Work to complete: Beneath this instruction is a listing; print exactly the lines in it starting at the line that contains "CAMERINO – Per" and going through the line that contains "彝族铃铛舞,是贵州毕节赫章彝".

----- Records for the task

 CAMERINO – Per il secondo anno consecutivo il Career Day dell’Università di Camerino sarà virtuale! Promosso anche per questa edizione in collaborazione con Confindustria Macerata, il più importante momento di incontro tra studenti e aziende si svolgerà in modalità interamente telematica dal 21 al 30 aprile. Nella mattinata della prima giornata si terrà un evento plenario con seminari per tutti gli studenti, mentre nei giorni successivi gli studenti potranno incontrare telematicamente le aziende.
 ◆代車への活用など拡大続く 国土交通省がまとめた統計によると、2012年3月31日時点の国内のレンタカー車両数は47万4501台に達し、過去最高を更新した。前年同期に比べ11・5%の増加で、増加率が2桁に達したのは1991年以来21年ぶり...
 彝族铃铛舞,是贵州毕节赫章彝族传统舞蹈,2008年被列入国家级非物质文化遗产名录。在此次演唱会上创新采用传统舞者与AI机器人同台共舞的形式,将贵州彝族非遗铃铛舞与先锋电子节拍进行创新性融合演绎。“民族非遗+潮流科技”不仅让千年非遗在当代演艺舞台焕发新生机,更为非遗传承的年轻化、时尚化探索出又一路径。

----------
----- Records for the task

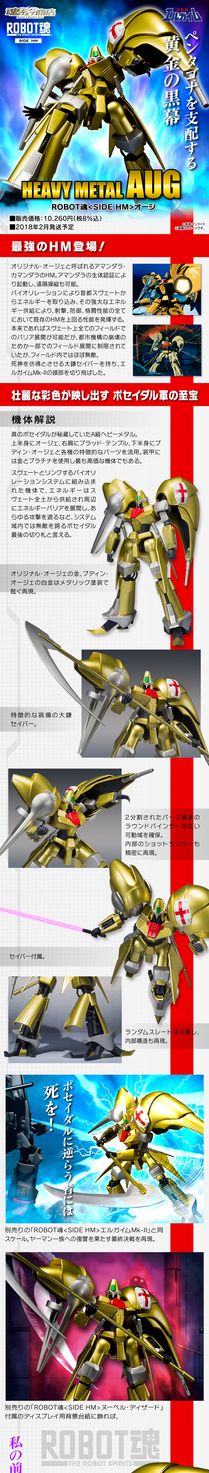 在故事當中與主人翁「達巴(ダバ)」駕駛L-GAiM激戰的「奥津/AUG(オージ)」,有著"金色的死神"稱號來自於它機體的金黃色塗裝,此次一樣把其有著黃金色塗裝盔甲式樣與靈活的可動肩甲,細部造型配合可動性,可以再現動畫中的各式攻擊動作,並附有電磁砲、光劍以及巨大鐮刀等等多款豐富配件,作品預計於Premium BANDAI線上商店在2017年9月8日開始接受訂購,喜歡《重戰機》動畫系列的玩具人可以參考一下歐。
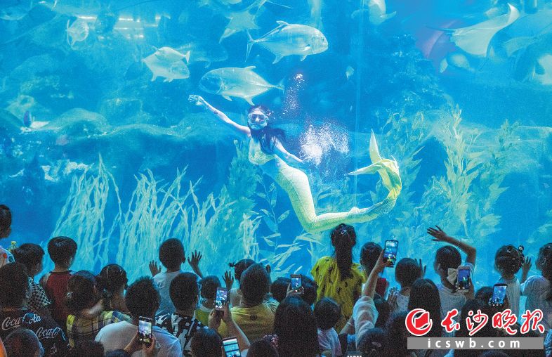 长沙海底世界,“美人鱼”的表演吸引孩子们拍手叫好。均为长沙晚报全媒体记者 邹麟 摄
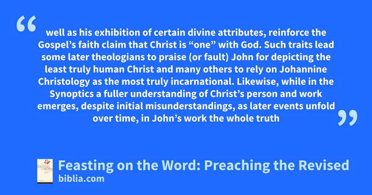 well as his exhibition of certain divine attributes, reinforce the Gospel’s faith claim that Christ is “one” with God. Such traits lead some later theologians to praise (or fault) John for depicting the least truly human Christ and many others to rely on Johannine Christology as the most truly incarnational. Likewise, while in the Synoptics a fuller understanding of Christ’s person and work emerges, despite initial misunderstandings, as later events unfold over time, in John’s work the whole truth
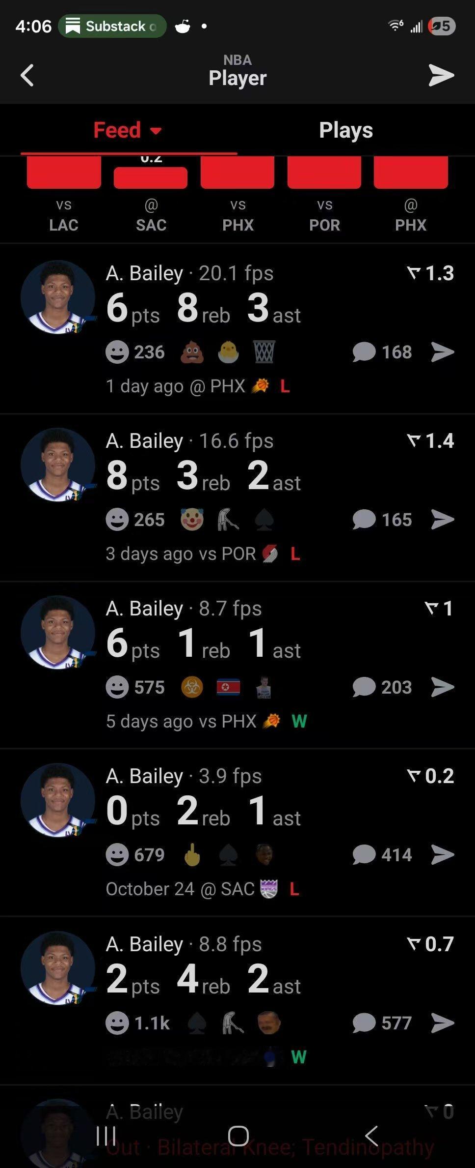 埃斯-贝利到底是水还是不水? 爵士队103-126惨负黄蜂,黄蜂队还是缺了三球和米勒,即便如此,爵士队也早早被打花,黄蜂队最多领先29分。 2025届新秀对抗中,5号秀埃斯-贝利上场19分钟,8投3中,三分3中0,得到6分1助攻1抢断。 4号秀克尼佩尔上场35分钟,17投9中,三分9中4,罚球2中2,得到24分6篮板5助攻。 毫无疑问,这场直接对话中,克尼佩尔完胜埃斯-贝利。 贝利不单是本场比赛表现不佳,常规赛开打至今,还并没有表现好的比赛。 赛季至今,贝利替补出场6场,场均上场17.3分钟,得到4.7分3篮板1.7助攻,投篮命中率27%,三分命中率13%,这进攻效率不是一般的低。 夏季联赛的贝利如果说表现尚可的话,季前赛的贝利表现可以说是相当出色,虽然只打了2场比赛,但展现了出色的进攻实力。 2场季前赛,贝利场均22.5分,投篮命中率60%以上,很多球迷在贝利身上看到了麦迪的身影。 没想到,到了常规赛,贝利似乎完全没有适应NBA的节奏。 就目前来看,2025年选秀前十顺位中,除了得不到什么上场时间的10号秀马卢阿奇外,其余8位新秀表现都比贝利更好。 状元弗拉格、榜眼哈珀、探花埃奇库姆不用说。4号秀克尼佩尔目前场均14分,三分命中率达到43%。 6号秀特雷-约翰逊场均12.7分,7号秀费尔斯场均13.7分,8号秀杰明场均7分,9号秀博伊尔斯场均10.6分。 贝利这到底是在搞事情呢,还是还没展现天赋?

----------

Task answer:
 CAMERINO – Per il secondo anno consecutivo il Career Day dell’Università di Camerino sarà virtuale! Promosso anche per questa edizione in collaborazione con Confindustria Macerata, il più importante momento di incontro tra studenti e aziende si svolgerà in modalità interamente telematica dal 21 al 30 aprile. Nella mattinata della prima giornata si terrà un evento plenario con seminari per tutti gli studenti, mentre nei giorni successivi gli studenti potranno incontrare telematicamente le aziende.
 ◆代車への活用など拡大続く 国土交通省がまとめた統計によると、2012年3月31日時点の国内のレンタカー車両数は47万4501台に達し、過去最高を更新した。前年同期に比べ11・5%の増加で、増加率が2桁に達したのは1991年以来21年ぶり...
 彝族铃铛舞,是贵州毕节赫章彝族传统舞蹈,2008年被列入国家级非物质文化遗产名录。在此次演唱会上创新采用传统舞者与AI机器人同台共舞的形式,将贵州彝族非遗铃铛舞与先锋电子节拍进行创新性融合演绎。“民族非遗+潮流科技”不仅让千年非遗在当代演艺舞台焕发新生机,更为非遗传承的年轻化、时尚化探索出又一路径。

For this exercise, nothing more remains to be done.